Data provided:
▬▬▬

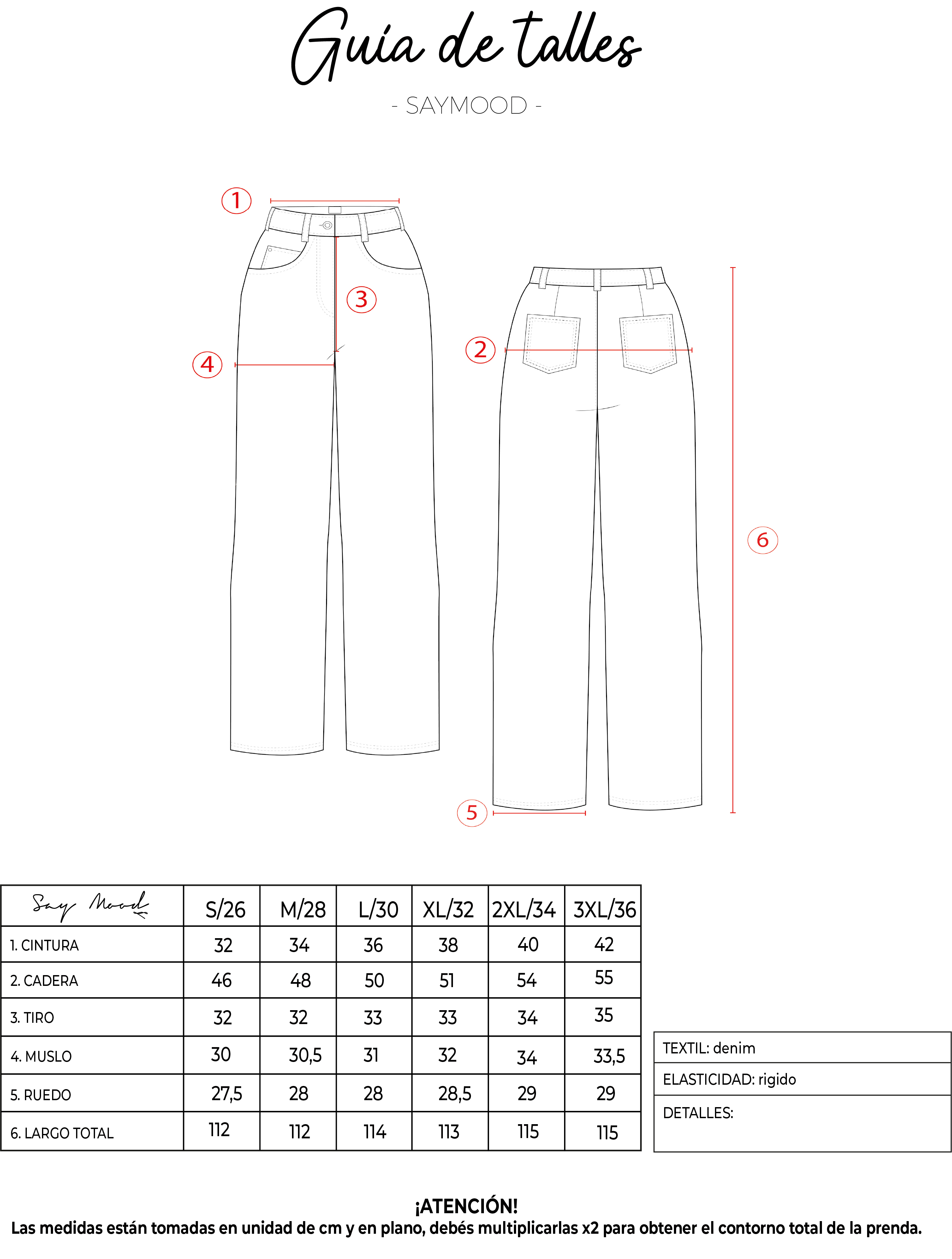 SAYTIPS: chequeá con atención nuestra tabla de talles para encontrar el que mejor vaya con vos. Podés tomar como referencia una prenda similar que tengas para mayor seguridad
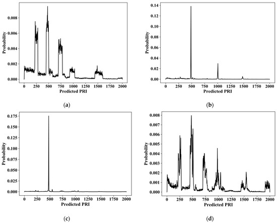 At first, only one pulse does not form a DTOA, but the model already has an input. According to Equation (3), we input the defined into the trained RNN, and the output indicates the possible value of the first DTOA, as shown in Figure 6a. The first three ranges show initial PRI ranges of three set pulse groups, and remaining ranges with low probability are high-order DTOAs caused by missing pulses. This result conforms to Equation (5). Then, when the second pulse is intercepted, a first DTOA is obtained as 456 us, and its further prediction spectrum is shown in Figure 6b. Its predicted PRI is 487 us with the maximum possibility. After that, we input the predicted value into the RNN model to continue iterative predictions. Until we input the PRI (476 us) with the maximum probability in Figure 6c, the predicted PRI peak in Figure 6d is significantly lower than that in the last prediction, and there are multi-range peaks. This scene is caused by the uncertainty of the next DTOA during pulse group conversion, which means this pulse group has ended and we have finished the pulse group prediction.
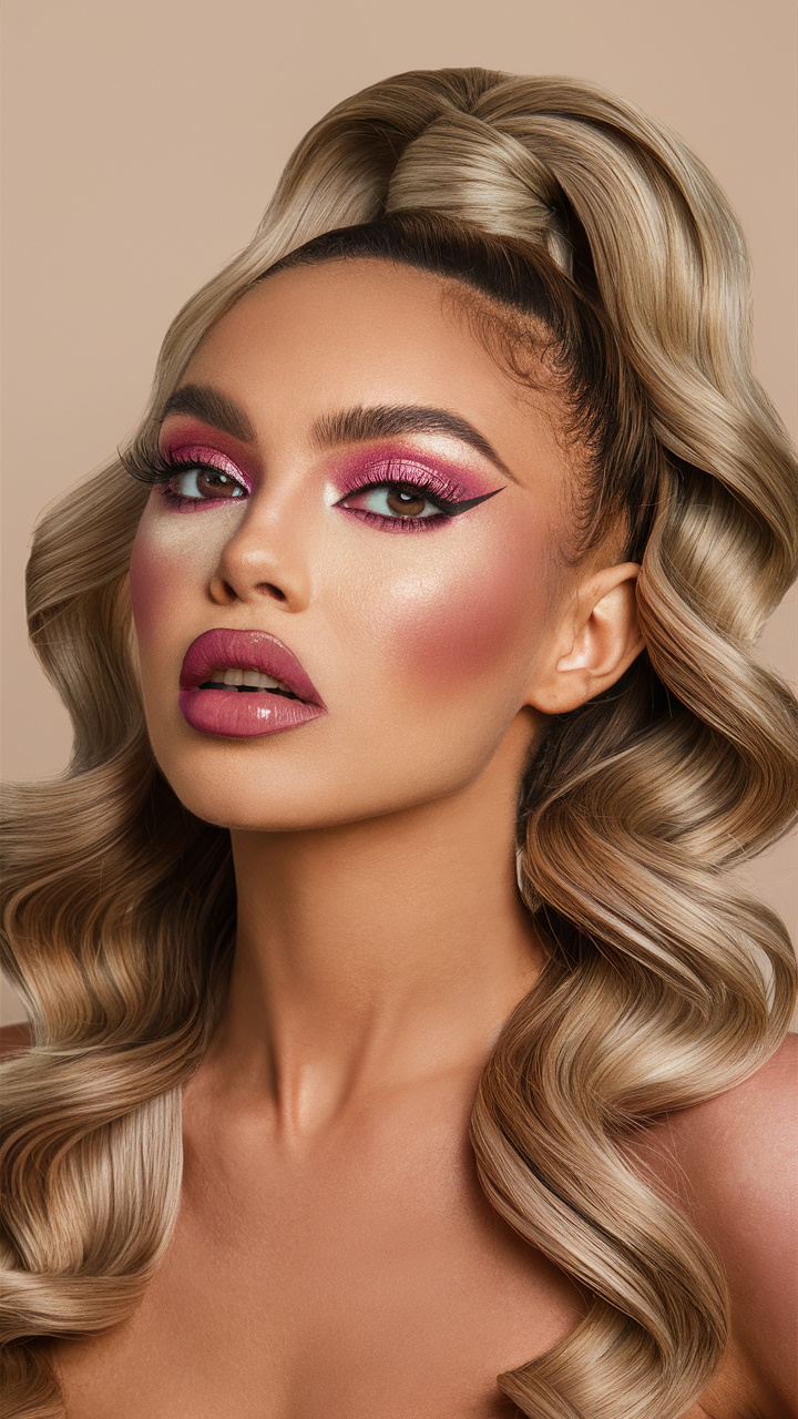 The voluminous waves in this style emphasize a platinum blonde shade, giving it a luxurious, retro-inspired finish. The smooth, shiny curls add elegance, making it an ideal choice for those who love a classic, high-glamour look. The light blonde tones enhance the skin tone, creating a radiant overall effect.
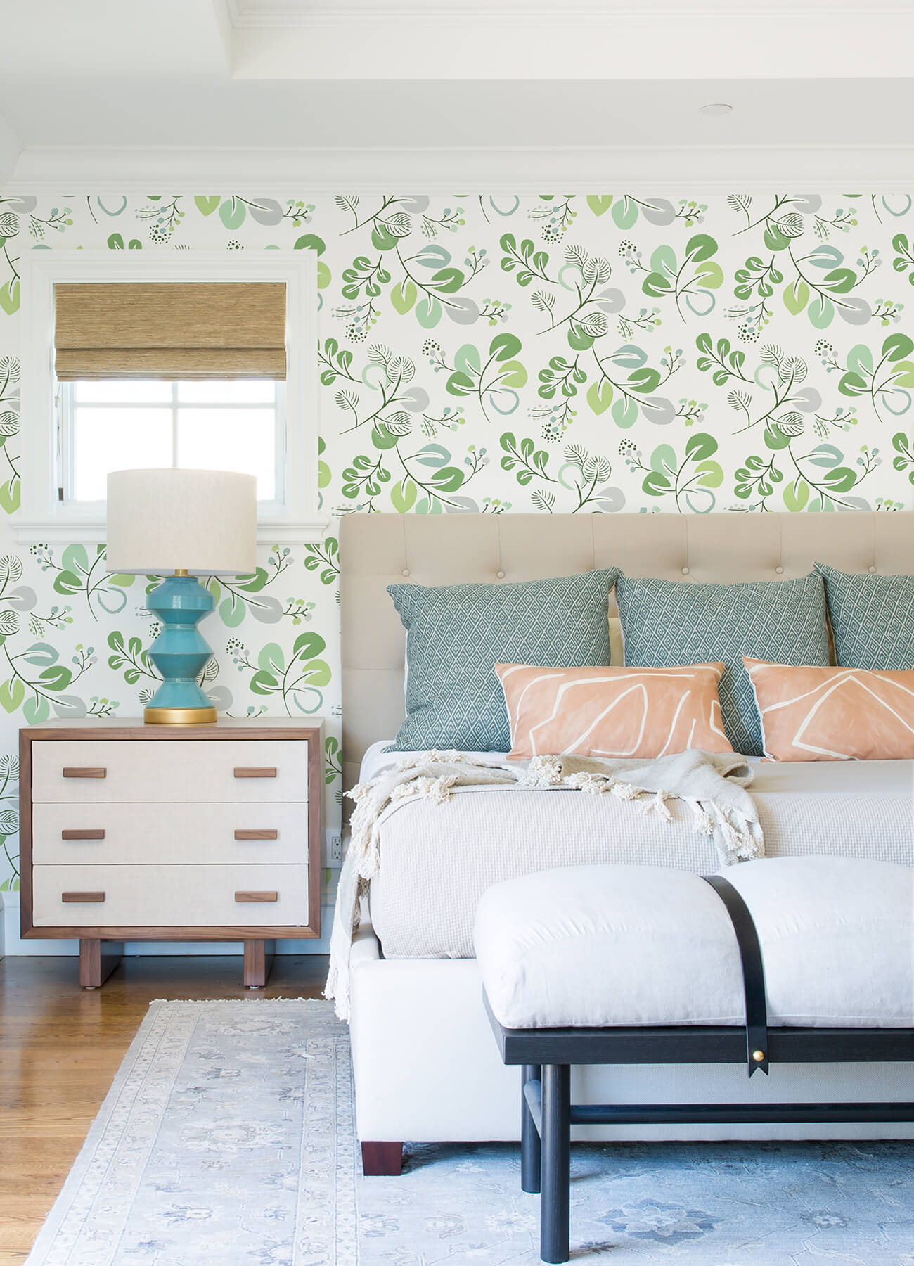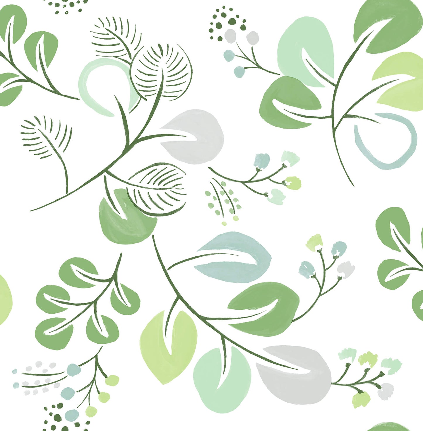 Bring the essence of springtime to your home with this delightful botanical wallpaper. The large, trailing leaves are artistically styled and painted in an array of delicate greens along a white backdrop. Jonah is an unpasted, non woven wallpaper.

▬▬▬

Task directions: None of the pictures belong in the copy. Write out exactly the lines from the line that holds "The voluminous waves" through the last line of the listing above, both ends included.

Result of this task:
 The voluminous waves in this style emphasize a platinum blonde shade, giving it a luxurious, retro-inspired finish. The smooth, shiny curls add elegance, making it an ideal choice for those who love a classic, high-glamour look. The light blonde tones enhance the skin tone, creating a radiant overall effect.
 Bring the essence of springtime to your home with this delightful botanical wallpaper. The large, trailing leaves are artistically styled and painted in an array of delicate greens along a white backdrop. Jonah is an unpasted, non woven wallpaper.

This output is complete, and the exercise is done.